AlphaFold-NMR Protocol (under construction)
Scripts and data corresponding to Huang, Ramelot, Spaman, Kobayashi, Montelione (2025) "Hidden Structural States of Proteins Revealed by Conformer Selection with AlphaFold-NMR"
No required non-standard hardware
Software Requirements
R Packages:
bio3d: http://thegrantlab.org/bio3d/
cluster
Python Dependences
numpy
pandas
RCI webserver for RCI and SCC calculation
https://www.randomcoilindex.ca/cgi-bin/rci_cgi_current.py
ASDP/RPF for Recall calculation in batch mode
https://github.rpi.edu/RPIBioinformatics/ASDP_public
RPF webserver for DoubleRecall analysis
https://montelionelab.chem.rpi.edu/rpf/
AFsample for enhanced sampling
https://github.com/bjornwallner/alphafoldv2.2.0
AlphaFold-NMR R and Python Scripts with Demo
Typical install times are several minutes.
*** all paths in the scripts need to be changed to your local computer environment
1. AI Enhanced sampling using AFsample
- run_afsample6000.sh
- need to modify the path to fit your local computer system
- calculate 6000 models and also relax all 6000 models.
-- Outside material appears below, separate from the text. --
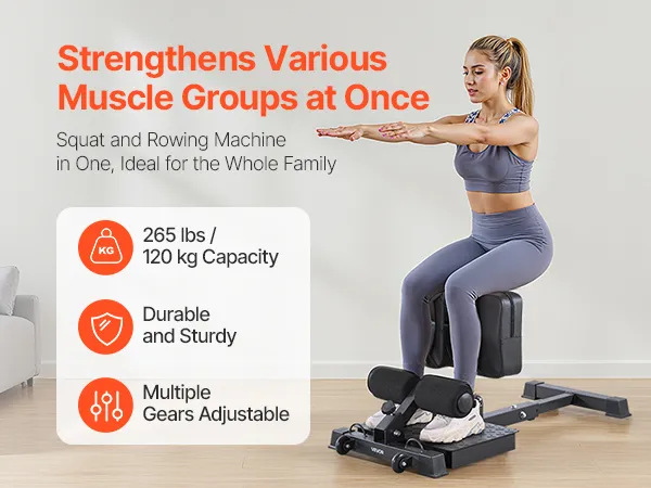 Trainieren Sie selbstbewusst und ohne Belastung für Knie und Rücken! Diese für Fitnessbegeisterte konzipierte Kniebeugemaschine mit zwei Knien ist eine effektive Methode, um die Kraft im Unterkörper zu stärken und gleichzeitig Gelenkschmerzen vorzubeugen. Multifunktional in einem: Sie ist Ihr persönlicher Kniebeugentrainer, Rehabilitationspartner und eine clevere Erweiterung Ihres Heim-Fitnessstudios.

Runtime: it can take day(s) to calculate 6000 models, depending on the size of the sequence and number of GPUs
-
mergeChain.py and runMergedChain.py
- merge two chains into one chain for PCA analysis
-
FilterAF2.py: filters out bad models based on the AF log file. The python code is copied from here: https://github.rpi.edu/RPIBioinformatics/FilteringAF2_scripts
Input sequence for AlphaFold: doc1_noN.fasta.
We excluded the long disordered tails and non-native tags from the input fasta sequence for AlphaFold modeling, to avoid potential influence on the pTM and <pLDDT> scores.
Commands:
#cd CDK2AP1-doc1 (set working dir: CDK2AP1-doc1)
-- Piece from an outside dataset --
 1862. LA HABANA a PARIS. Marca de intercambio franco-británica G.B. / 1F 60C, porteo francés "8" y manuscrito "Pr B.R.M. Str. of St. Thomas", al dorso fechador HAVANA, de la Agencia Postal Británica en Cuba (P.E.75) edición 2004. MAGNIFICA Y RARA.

sbatch run_doc1_noN.sh (running with slrum)
This command calculates and relax all 6000 models using run_afsample6000.sh <br>
The output models are here: AF_models_dropout/doc1_noN. pTM score is reported here: AF_models_dropout/scores.sc and log from AF: slurm-xxx.out
# python FilterAF2.py -log slurm-xxx.out -rel -inD AF_models_dropout/doc1_noN -outD filteredModels
This command filters out bad models based on the AF log file (e.g. slurm-xxx.out).
Additional processing scripts:
Merge two chains into one chain for clustering analysis
# python ../scripts/runMergedChain.py filteredModels mergedModels
This command finds all pdb file in the fileredModels, merge two chains (using mergeChain.py) and save them in the mergedModels directory.
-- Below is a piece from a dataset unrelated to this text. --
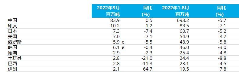 中国粗钢产量为8390万吨,同比提高0.5%;

Download pre-filtered AFsample models
https://zenodo.org/records/15015917 has 5984 models with one merged chain. Please unzip it and name it as CDK2AP1-doc1/ESmodels/ for the following analysis:
2. Clustering
- dmPCAClustering.R --> output: pc_dm_pdbs.RData, cluster_pc_dm.csv (in Rstudio, set the working dir to CDK2AP1-doc1 before running the R script)
We use "ward methods". To identify number of clusters --> by inspection of "Dendrogram" and pc plots.
Runtime: it can take hours (s) to clustering 6000 models, depending on the size of the sequence and number of GPUs
3. Scoring
Input files:
- ESmodels: all pdb files, support filenames with "relaxed*.pdb" or "relaxed*_new.pdb"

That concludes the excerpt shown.